Soon, however, I began to understand what it was trying to show me. During the following weeks, I found myself confronted with old patterns, fears, unresolved family dynamics, boundaries I was unable to set clearly, structures that no longer felt aligned, business-related issues, societal expectations, personal themes, and challenges within friendships. One stone after another was turned over for me to look at.

It was an emotional back and forth — a kind of inner chaos. Not unbearable, but exhausting nonetheless. At the same time, I was also experiencing physical symptoms and sleepless nights due to hormonal changes. And within all of it, I could not find a common thread. No matter how hard I tried, none of it seemed to make sense to me. It felt like that dark black mass — which, interestingly enough, had emerged from the calcination of the Elder itself.

As I began grinding this dark mass in the mortar, I suddenly had the feeling that I was in the process of breaking apart old structures. It was such an interesting sensation. And strangely enough, it felt good — liberating even.

And then, one evening while sitting in my car, I accidentally clicked on an audiobook. Suddenly, it felt as though something clicked into place. The title of the audiobook was The Wisdom of Menopause by Christiane Northrup. I had to laugh. Even though I had absolutely no desire to listen to it, I did so anyway. And there they were — all my themes. Slowly, step by step, they began rising into my awareness, and for the first time, I truly began to understand.

The Realization

It was not many separate themes at all, but one great theme that held all the others within it: menopause — or rather, postmenopause. Mother Elder and Saturn were the perfect companions to reveal all of this to me.

I had already been walking this path for quite some time, yet somehow I still wanted to continue living as I always had. I had ignored all the warning signs. And I had no idea how to navigate the physical symptoms that suddenly began appearing. I started to feel helpless and old. I realized that I, too, had become entangled in the beliefs of society — even though I felt I should know better by now. But there is a difference between knowing something intellectually and truly living through it. For the first time, I became deeply aware that I was moving through a profound process of transformation. And Mother Elder showed me what that truly meant.

I realized that I am within my own process of calcination and distillation — a clearing of all that no longer belongs to me, and an elevation of my being into the next stage of life. And I feel that it is also about revealing my essence. What exactly this means, I will come to understand over time — of that I am certain.

This realization felt deeply liberating. Plants offer us guidance. They support us through our processes.
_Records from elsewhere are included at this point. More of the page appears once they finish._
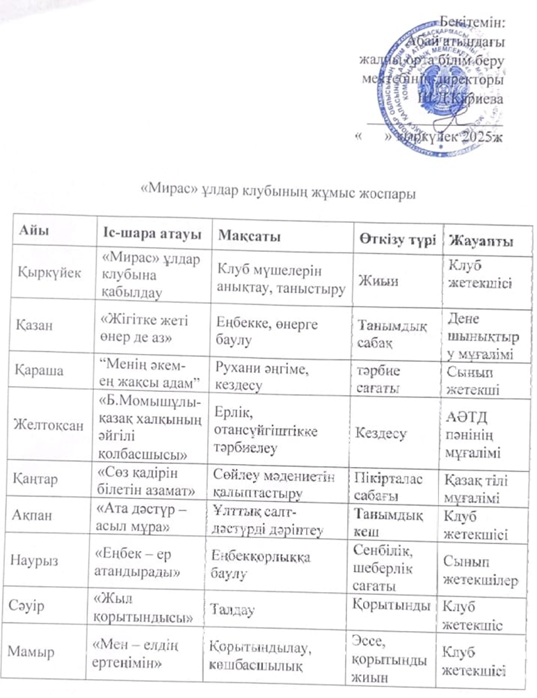 «МИРАС» ҰЛДАР КЛУБЫНЫҢ ЖҰМЫС ЖОСПАРЫ
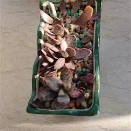 1、福兔耳就是养在全日照的阳光房里。生长期需保持土壤微湿,避免积水。土壤就用了煤渣混合泥炭、少量珍珠岩,比例大概6:3:1,土表铺设了河沙。
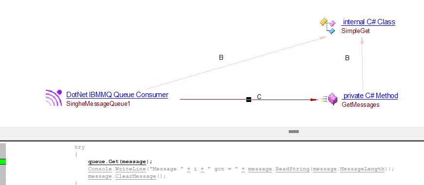 | callLink | callLink between the DotNet IBMMQ Queue Consumer or DotNet IBMMQ Topic Subscriber objects and the caller C# method | Consumer API’s support by IBMMQ : IBM.WMQ.MQQueue.Get IBM.WMQ.MQDestination.Get IBM.WMQ.MQQueue.PutReplyMessage IBM.XMS.IMessageProducer.Send |
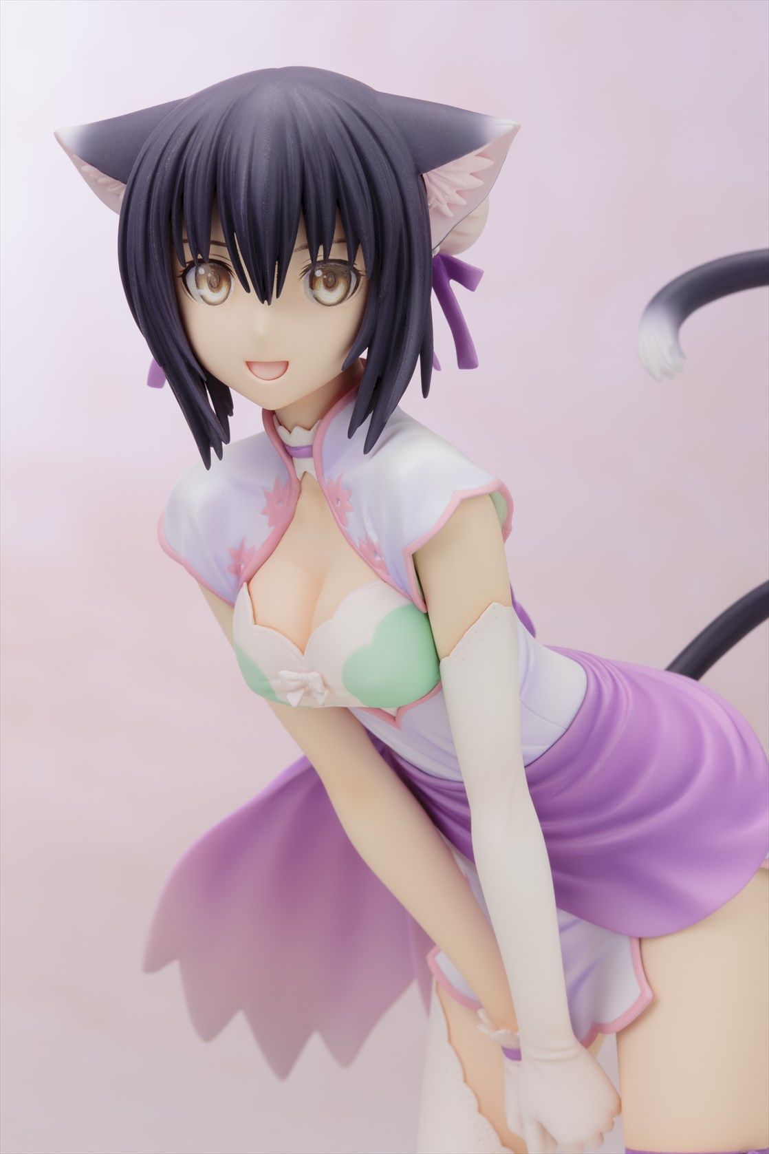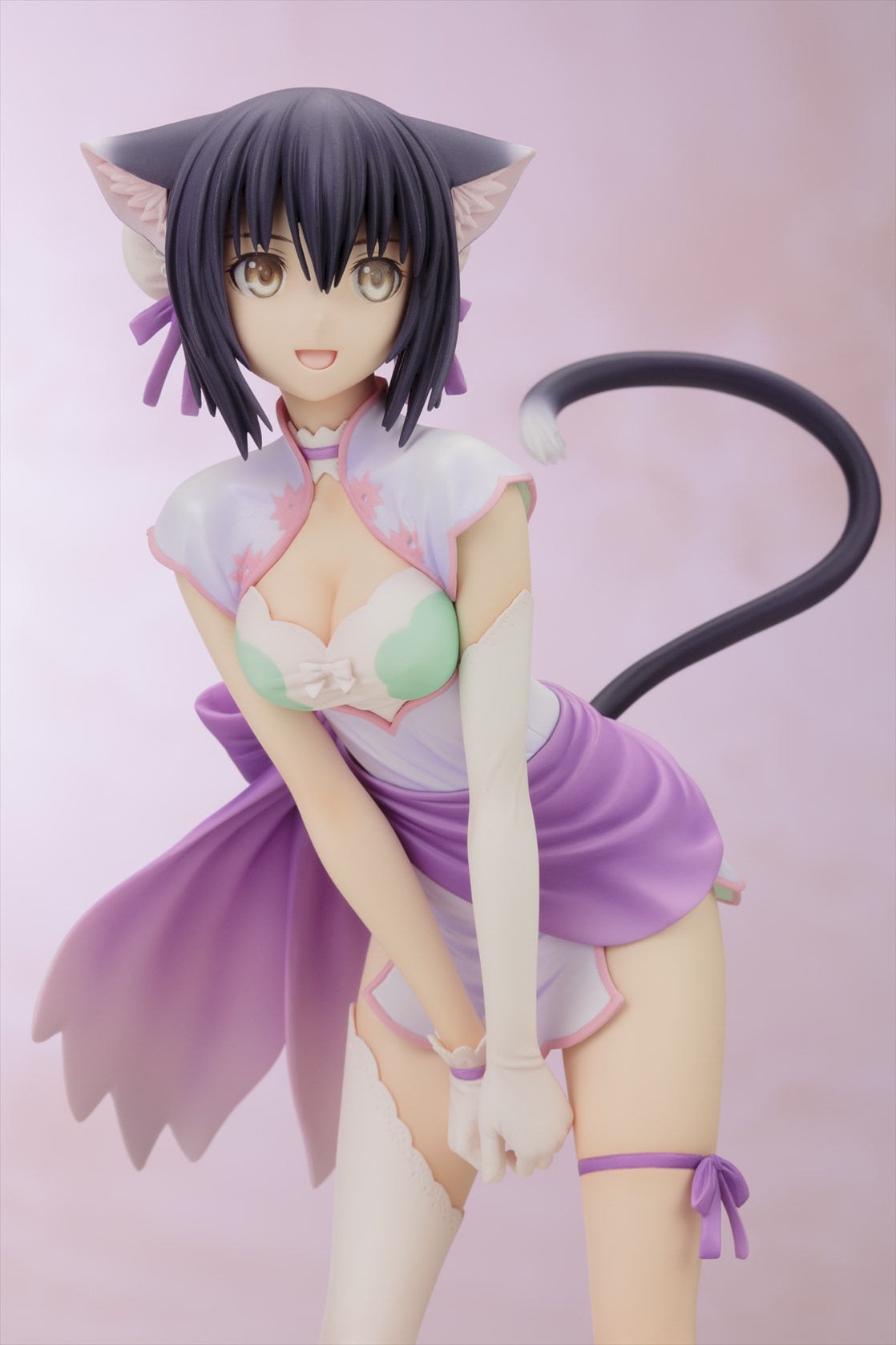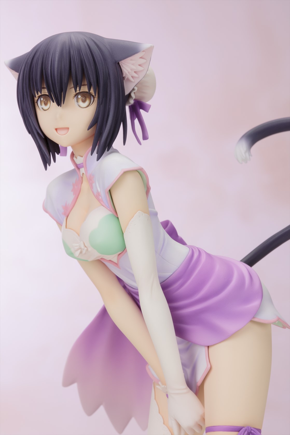 無邪気な幼い顔立ちとしなやかなボディラインが魅力のシャオメイは、ビジュアル設定資料集に収録されたラフイラストのポーズを基に、視線方向などはリンリンの造形との対比を考慮したアレンジを加えて造形。 同一人物ながら、少女と猫の2つの姿を一緒に並べられるというフィギュアならではの楽しみ方はもちろん、リンリンは台座に非固定のため、サクヤをはじめとする他の同スケールフィギュアと一緒に飾ることも可能です。 ご好評をいただいきました1/6スケール版「いたずら怪盗 シャオメイ」から2年半以上の時を経て、初の商品化となる1/8スケール版は、以前からリクエストの多かったファン待望のコレクタブルサイズのアイテムです!

But how we choose to walk the path is ultimately our own free decision.

Yesterday was my third attempt at calcination. After everything that had unfolded, I hoped that this time the ashes would finally turn white. White as snow 😉. Somehow, that felt important to me.

And once again, I entered into a shamanic journey. Mother Elder brought me to a mountain ridge. Before me stretched endless vastness. She invited me to connect with that vastness. At first, I began to feel uncomfortable. It felt too wide, too open, too uncertain. I wanted to retreat back into my inner garden, back to my ancestral mothers. But Mother Elder asked me to remain where I was. She stood behind me and gently placed her hand upon my right shoulder. And so I stayed. I connected with the vastness, and slowly I began to understand that it was my own choice whether I would return to constriction or choose, each day, to connect with openness instead. For that was her message — to practice this daily. Gradually, the uncertainty began transforming into curiosity. Curiosity about what still wished to reveal itself. Curiosity — and even joy — for what was waiting ahead of me. And suddenly, there was also a sense of adventure.

Then, all at once, I began transforming into a great Elder tree. I had become a large and magnificent tree, covered in deep red/black berries. And Mother Elder said: “Look… these are thousands of possibilities.”